Relation between Quaternions and PRV
The relation between unit quaternions and the PRV follows directly from how we constructed the rotation quaternion \(q\) above, its scalar part being the cosine of half the rotation angle and its vector part being the sine of half the rotation angle times the unit rotation axis vector \(\mathbf{e}\). We therefore obtain:
\begin{eqnarray}
q_0 &=& \cos\left(\frac{\Phi}{2}\right) \\
q_1 &=& e_1\sin\left(\frac{\Phi}{2}\right) \\
q_2 &=& e_2\sin\left(\frac{\Phi}{2}\right) \\
q_3 &=& e_3\sin\left(\frac{\Phi}{2}\right)
\end{eqnarray}
Likewise, one can compute the PRV \({\bf e}=(e_1, e_2, e_3)^T\) and rotation angle \(\Phi\) from:
\begin{eqnarray}
\Phi &=& 2 \arccos(q_0) \\
e_1 &=& \frac{q_1}{\sin\left(\frac{\Phi}{2}\right)}\\
e_2 &=& \frac{q_2}{\sin\left(\frac{\Phi}{2}\right)}\\
e_3 &=& \frac{q_3}{\sin\left(\frac{\Phi}{2}\right)}
\end{eqnarray}
Relation between Quaternions and Rotation Matrix
Sometimes it is more convenient just to use linear algebra with matrix operations than to bother with with quaternion operations. Or we may want to create the rotation matrix to translate to another rotation formalism. Whatever the motivation, if we want to avoid the quaternion conjugation to express a rotation and instead use the rotation matrix on vectors (i.e. computing \(\mathbf{v}_{\mathcal{B}}=B\mathbf{v}_{\mathcal{A}}\) instead of \(\mathbf{v}_{\mathcal{B}}=\overline{q}\mathbf{v}_{\mathcal{A}}q\)), we need to construct \(B\) first from a given unit quaternion \(q\), which accomplishes the rotation. This is done with the following formula:
\begin{equation}
B = \begin{pmatrix}
q_0^2+q_1^2-q_2^2-q_3^2 & 2(q_1q_2+q_0q_3) & 2(q_1q_3-q_0q_2) \\
2(q_1q_2-q_0q_3) & q_0^2-q_1^2+q_2^2-q_3^2 & 2(q_2q_3+q_0q_2) \\
2(q_1q_3+q_0q_2) & 2(q_2q_3-q_0q_1) & q_0^2-q_1^2-q_2^2+q_3^2
\end{pmatrix}
\end{equation}
The inverse transformation from the DCM, \(B\), back to the unit quaternion \(q\) accomplishing the rotation is found by combining suitable matrix entries in the above as:
\begin{eqnarray}
q_0 &=& \pm \frac{1}{2}\sqrt{B_{11} + B_{22} + B_{33} + 1} \\
q_1 &=& \frac{B_{23}-B_{32}}{4q_0} \\
q_2 &=& \frac{B_{31}-B_{13}}{4q_0} \\
q_3 &=& \frac{B_{12}-B_{21}}{4q_0}
\end{eqnarray}
Quaternion Differential Kinematic Equations
The kinematic differential equations for quaternions is given by
\begin{equation}
\begin{pmatrix}\dot q_0 \\ \dot q_1 \\ \dot q_2 \\ \dot q_3\end{pmatrix}
=\frac{1}{2}\begin{pmatrix}
q_0 & -q_1 & -q_2 & -q_3 \\
q_1 & q_0 & -q_3 & q_2 \\
q_2 & q_3 & q_0 & -q_1 \\
q_3 & -q_2 & q_1 & q_0
\end{pmatrix}
\begin{pmatrix}0 \\ \omega_1 \\ \omega_2 \\ \omega_3\end{pmatrix}
\end{equation}
We review this result without derivation. The components of \(\boldsymbol{\omega}\) are assumed to be given in the non-inertial axis system, the motion of which the quaternion \(q(t)\) describes, i.e. in the body frame, \((\omega_1, \omega_2, \omega_3)=(p,q,r)\)), if \(q=(q_0,q_1,q_2,q_3)\) describes the attitude of the aircraft (i.e. the attitude of the body axis system).
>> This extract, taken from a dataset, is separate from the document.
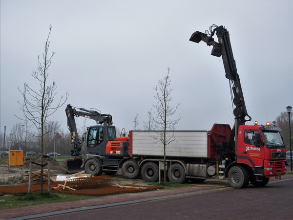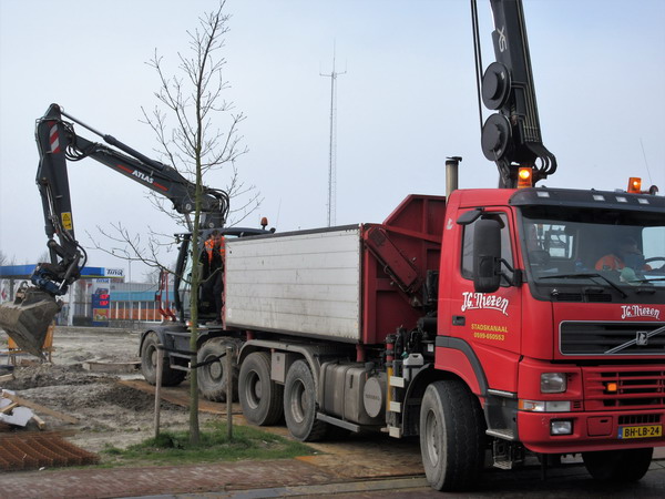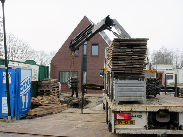 De nieuwe woning van Bert en Engly Hummel aan de Rijksstraatweg (westzijde), kavel C, is uit de steigers.Het steigermateriaal wordt opgehaald, komt er meer zicht op het nieuwe huis.Ook werkzaamheden bij kavel A, waar de nieuwe woning vcan de fam. Kamminga wordt gebouwd. Hier wordt overtollige aarde afgevoerd. Door de drukte op de bouwmarkt is er enige vertraging, de woning zal pas eind april/begin mei worden opgebouwd.

This equation is the quaternion equivalent of the matrix \(\mathcal{L}\) taking \((p, q, r)\) to \(\dot \psi\), \(\dot \theta\), \(\dot \phi\) for Euler angles. The \(\dot q_i\)’s play the role of the Euler angle time derivatives. A computational advantage of the above equation is that it does not require the evaluation of any trigonometric functions, unlike the matrix \(\mathcal{L}\) for Euler angles, which we have encountered earlier.